Robert Jefferson Wolfe Dies At Age 72

Robert Jefferson Wolfe

Robert Jefferson Wolfe, 72, died on March 31 in West Palm Beach. Wolfe was known locally for his work with the Florida Rowing Center in Wellington.

Wolfe and his wife Barbara have also been residents of Ringoes, N.J., since 1980. The cause of death was complications from myelodysplastic syndrome (MDS), a rare form of bone marrow cancer that he had battled courageously and cheerfully for 15 years.

Wolfe was born on April 13, 1947 and was raised in South Orange, N.J. His parents, Albert Lewis Wolfe and Olga Maurer Wolfe, pre-deceased him. Wolfe graduated from Columbia High School in South Orange in 1965, where he was senior class president. He graduated from Princeton University in 1969 with a degree in philosophy. At Princeton, he participated in crew for two years, and sculling became one of his interests later in life.

After graduation, he joined the U.S. Army Reserves and was on active duty at Fort Sam Houston in Texas from October 1969 until February 1970. Then he attended the Stanford University Graduate School of Business, where he met his wife and fellow student Barbara Burgess. They were married in December 1973. After graduating with an MBA in 1972, Wolfe worked for Stanford University before returning to New Jersey in 1974 to work as assistant treasurer at Princeton University.

In 1976, Princeton launched a 2,000-plus-acre mixed use real estate development project, the Princeton Forrestal Center. Wolfe, as a partner of the consulting firm K. S. Sweet Associates, was instrumental in leading the development of the project throughout his career. In 1993, he formed his own company, Picus Associates, which continues to this day (under new ownership) to manage the Princeton Forrestal Center on behalf of Princeton University. Wolfe enjoyed seeing the physical results of his work materialize over time, and he believed that real estate development should be concentrated in areas with appropriate infrastructure, while rural lands should be protected and the natural environment preserved.

Wolfe believed in contributing his time and expertise to his community. He served on the boards of the McCarter Theater (Princeton), the Stony Brook Millstone Watershed Association and Princeton In Community Service (PICS), placing undergraduates with nonprofit internships for summer work experiences. At the time of his death, he was a member of the board of New Jersey Conservation Foundation and its treasurer.

He enjoyed tennis, travel, photography and sculling. He also enjoyed spending time with extended family at a cabin on Garnet Lake in the Adirondacks. Wolfe was very supportive of his wife Barbara’s equestrian interests and passion for dressage. They have owned a horse farm outside of Princeton since 1980. They began spending winters in Wellington in 2000, initially for equestrian activities, until Wolfe discovered sculling on Lake Wellington. With two partners, he purchased and managed the Florida Rowing Center, a winter sculling school based in Wellington, which continues today. After he retired in 2018, Barbara and Bob Wolfe became Florida residents.

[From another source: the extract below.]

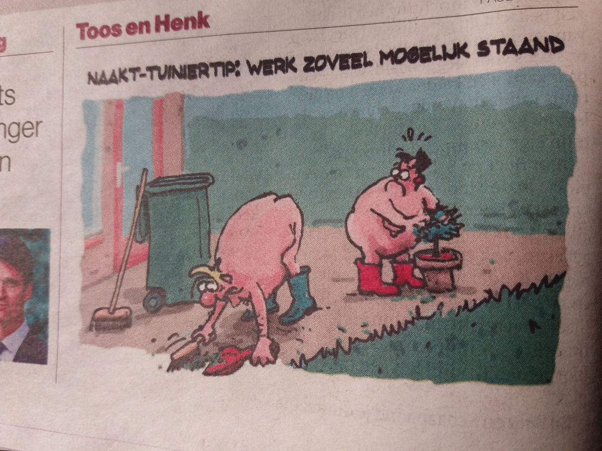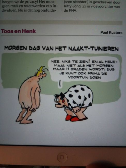 Hahaha.....je hebt gelijk...ik houd ook mijn kleren aan. Ik begrijp ook niet wie dit bedacht heeft. Je zou toch denken dat er niemand aan mee doet? Kreemig, ik weet wat er op ons moestuincomplex zit....wil ze echt niet in hun blote kont zien hoor!- Wat heb je vandaag gekregen?
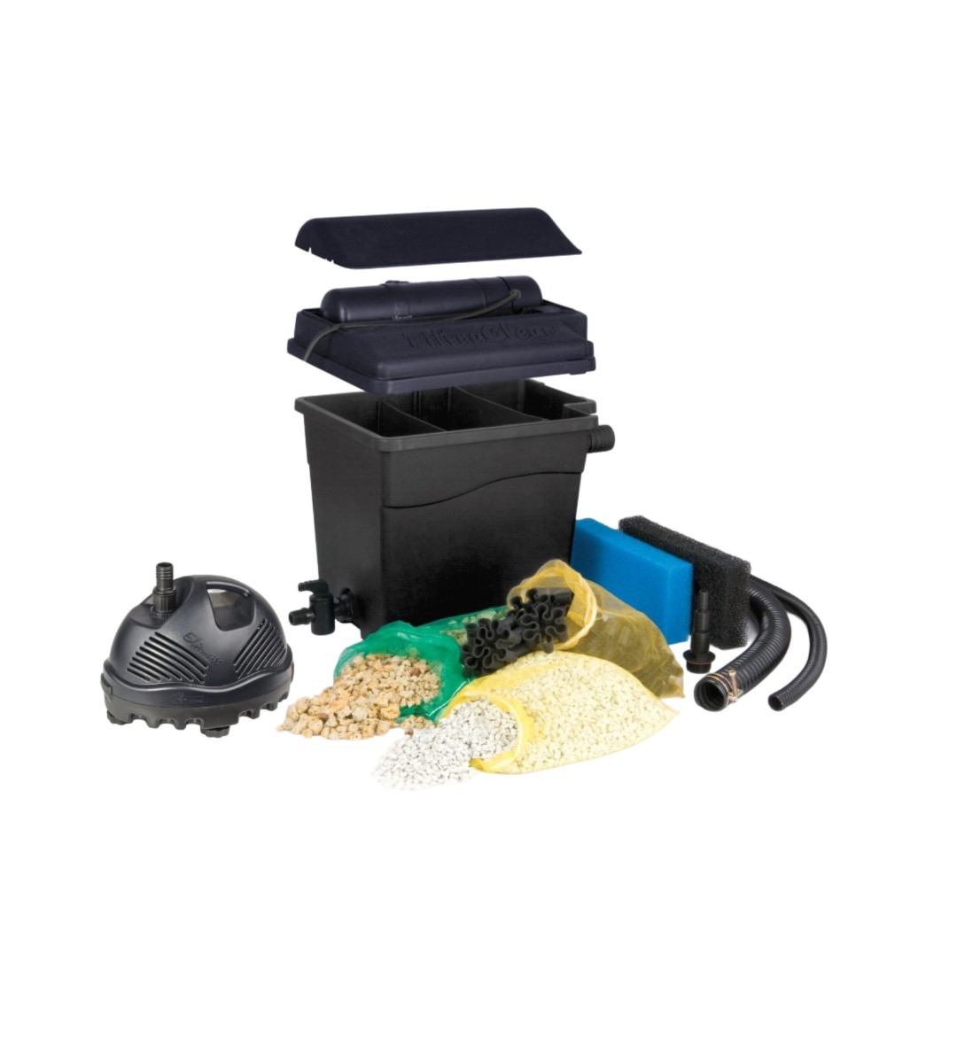 De Ubbink FiltraClear 6000 wordt geleverd als complete set, inclusief een bijpassende Ubbink Elimax 1500 pomp, een UVC apparaat van 9 Watt, een afvoerslang, een verbindingsslang van pomp naar filter en een aansluitset. Hierdoor hoef je geen extra accessoires aan te schaffen en kun je direct aan de slag met het installeren van dit hoogwaardige filtersysteem.

Wolfe is survived by his wife of 46 years Barbara (Burgess), his sister Susan Wolfe Lauffer (spouse Don Lauffer) of Bartlesville, Oklahoma and Madison, Wisconsin, his brother William A. Wolfe (spouse Elizabeth West Wolfe) of Princeton N.J., a nephew Andrew Wolfe, who lives in Paris, France, and a niece Amy Powell Burrus who lives in Muskogee, Oklahoma. He is remembered for his wonderful smile, consistently optimistic approach to life, kindness and generosity.

An online video memorial service for immediate family members was held on Sunday, April 5. A memorial service for friends and colleagues will be held later this year in Princeton, after the coronavirus pandemic has subsided and travel restrictions have been lifted.

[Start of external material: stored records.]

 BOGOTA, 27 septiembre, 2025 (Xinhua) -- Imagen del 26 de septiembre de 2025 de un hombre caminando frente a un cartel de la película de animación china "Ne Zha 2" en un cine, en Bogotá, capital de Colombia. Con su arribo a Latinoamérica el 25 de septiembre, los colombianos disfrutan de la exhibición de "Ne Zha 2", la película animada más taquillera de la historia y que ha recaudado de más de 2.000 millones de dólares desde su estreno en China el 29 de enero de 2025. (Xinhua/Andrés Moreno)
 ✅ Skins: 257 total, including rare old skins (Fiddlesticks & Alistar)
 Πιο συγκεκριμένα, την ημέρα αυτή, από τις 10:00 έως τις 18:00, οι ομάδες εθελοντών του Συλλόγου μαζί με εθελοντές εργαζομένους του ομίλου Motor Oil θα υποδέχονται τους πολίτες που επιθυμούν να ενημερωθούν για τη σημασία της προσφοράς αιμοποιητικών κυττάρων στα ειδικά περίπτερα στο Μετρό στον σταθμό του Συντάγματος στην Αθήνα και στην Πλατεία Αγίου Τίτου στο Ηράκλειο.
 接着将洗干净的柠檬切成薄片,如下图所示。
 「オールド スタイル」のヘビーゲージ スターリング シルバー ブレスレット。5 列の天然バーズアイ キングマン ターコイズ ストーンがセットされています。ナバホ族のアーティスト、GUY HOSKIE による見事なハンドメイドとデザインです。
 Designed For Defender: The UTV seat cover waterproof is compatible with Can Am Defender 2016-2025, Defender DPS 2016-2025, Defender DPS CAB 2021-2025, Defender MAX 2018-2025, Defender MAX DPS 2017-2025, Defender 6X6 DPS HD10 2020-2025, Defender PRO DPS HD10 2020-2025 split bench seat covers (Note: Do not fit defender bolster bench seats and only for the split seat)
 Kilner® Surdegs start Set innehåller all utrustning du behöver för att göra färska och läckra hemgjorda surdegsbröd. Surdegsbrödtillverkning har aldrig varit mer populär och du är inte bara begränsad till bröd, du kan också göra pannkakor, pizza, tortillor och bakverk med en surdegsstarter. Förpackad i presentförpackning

Charitable contributions may be made in his honor to MDS research at Columbia University, where one of his doctors oversees an MDS research program doing cutting-edge research to understand and combat the disease. Make check payable to: Trustees of Columbia University and mail to Dr. Azra Raza, MDS Research Program, Columbia University Medical Center, Milstein Hospital Building, 6GN-435, 177 Fort Washington Avenue, New York, NY 10032.

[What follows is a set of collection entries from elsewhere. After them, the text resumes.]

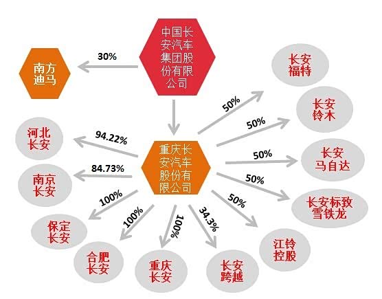 目前,长安集团旗下所属整车汽车有:重庆长安汽车股份有限公司(以下简称“长安汽车”,其与福特、铃木、马自达、标致雪铁龙、江铃等分别建有合资公司)、重庆南方迪马专用车股份有限公司(以下简称“南方迪马”)。值得一提的是,尽管该集团官网仍将哈尔滨哈飞汽车工业集团有限公司(以下简称“哈飞汽车”)列为成员单位,但在2015年,哈飞汽车已被长安福特正式收购。
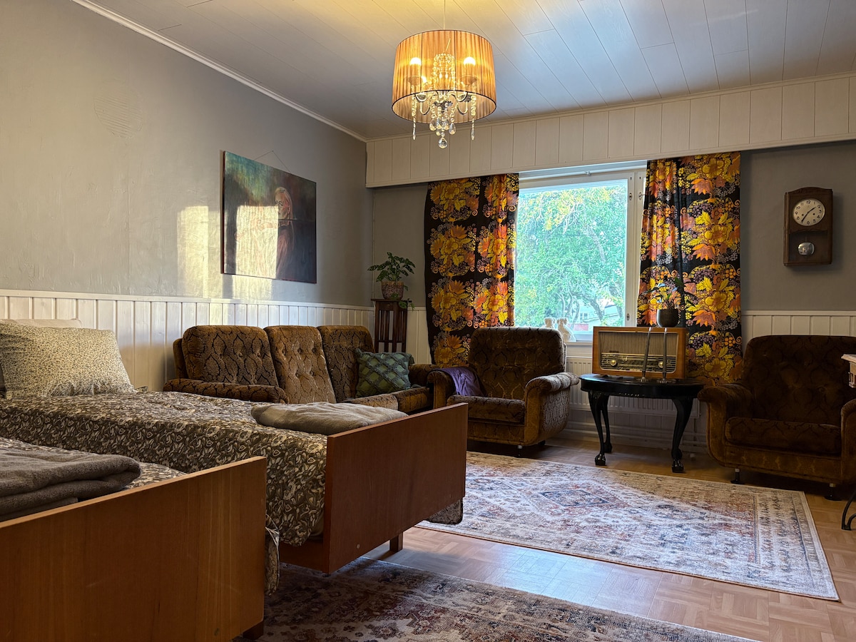L'appartamento nel cuore della Vecchia Rauma è luminoso e alto (incluso un soppalco per dormire), e l'ospite ha un'ottima sauna con una stufa che si riscalda in pochissimo tempo. L'appartamento è arredato personalmente e l'amore dell'host per gli oggetti antichi è chiaramente evidente. L'appartamento può ospitare quattro persone: un letto matrimoniale e due materassi a pavimento. Inoltre nell'appartamento è presente un divano. L'appartamento è più adatto per viaggiatori singoli o individuali, o per una piccola famiglia.
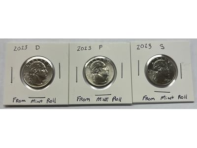 251 2023-D, 2023-P, 2023-S Roosevelt Washington Quarters From Mint Roll
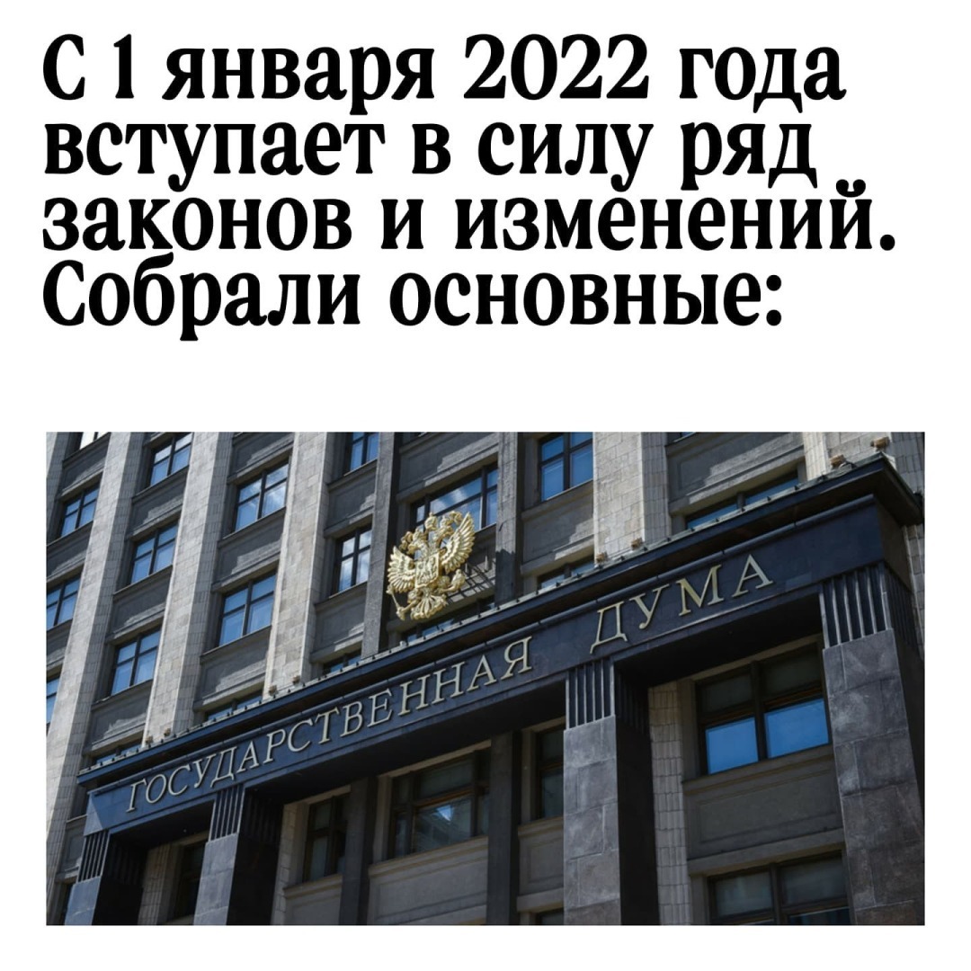 С 1 января 2022 года вступает в силу ряд законов и изменений.
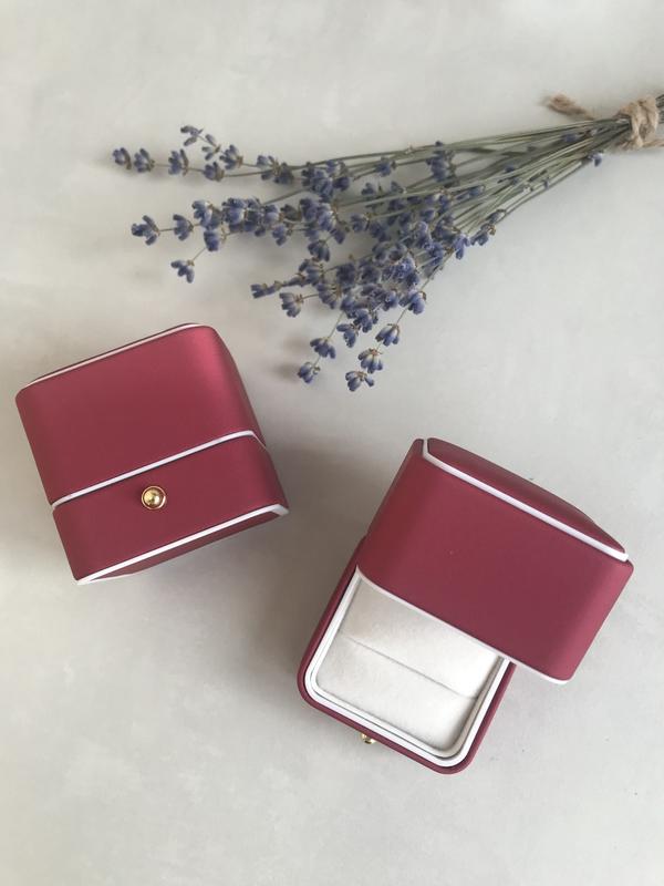 Классные коробки бордового цвета, очень крутые по дизайну, не большего размера. Для кольца или пуссетов очень подойдёт. Отправляем по предоплате 50 грн.
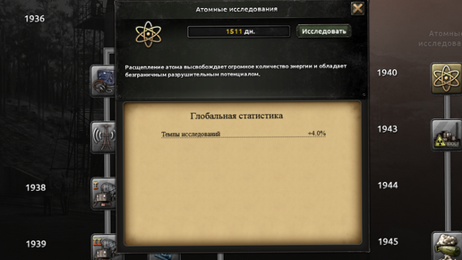 Изучение технологий атомных в хойке это долгий процесс, и почти у всех (особенно в мультиплеере) игроков, игра оканчивается примерно в 1942-1944, потому что дальше игра начинает сильно лагать, да и эффект от этого "ядерного оружия" очень печален.Сейчас выясним почему. Первая технология на пути к атомному оружию ничем не примечательна, а изучить ее можно только ближе к 40 году.Изучается она примерно 350 дней, это если без бонусов.Но есть фокусы и решения, с которыми можно ускорить создание атомного оружия о которых будет написано ниже...
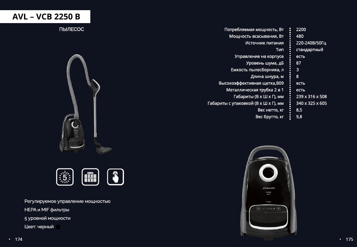 Пылесос Avalon AVL-VCB2250B, черный
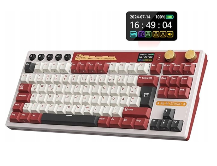 Poznaj nowoczesną klawiaturę mechaniczną RK M87 stworzoną z myślą o graczach, programistach i fanach personalizacji! Ten zaawansowany model oferuje nie tylko inteligentny wyświetlacz LCD i dwa pokrętła do kontroli, ale także wysokiej klasy konstrukcję Gasket Mount, wbudowane tłumienie dźwięku i trzy tryby łączności. Dzięki akumulatorowi 7500 mAh i przełącznikom hot-swap możesz pracować lub grać bez przerwy – na Twoich zasadach.
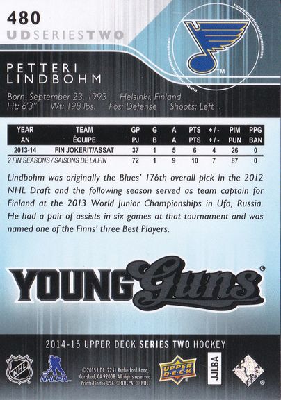 2014-15 Upper Deck #480 Petteri Lindbohm
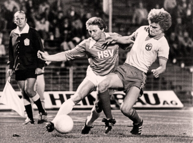 Arno Steffenhagen (links) umkurvt seinen Gegenspieler mit den ikonografischen HSV-Lettern auf der Brust.

An alternative for charitable contributions is the New Jersey Conservation Foundation, one of the premier land conservation organizations in the U.S. Since 1960, NJCF has protected over 125,000 acres of natural areas and farmland in New Jersey. Make check payable to: New Jersey Conservation Foundation and mail to Executive Director Michele Byers, Bamboo Brook, 170 Longview Road, Far Hills, NJ 07931.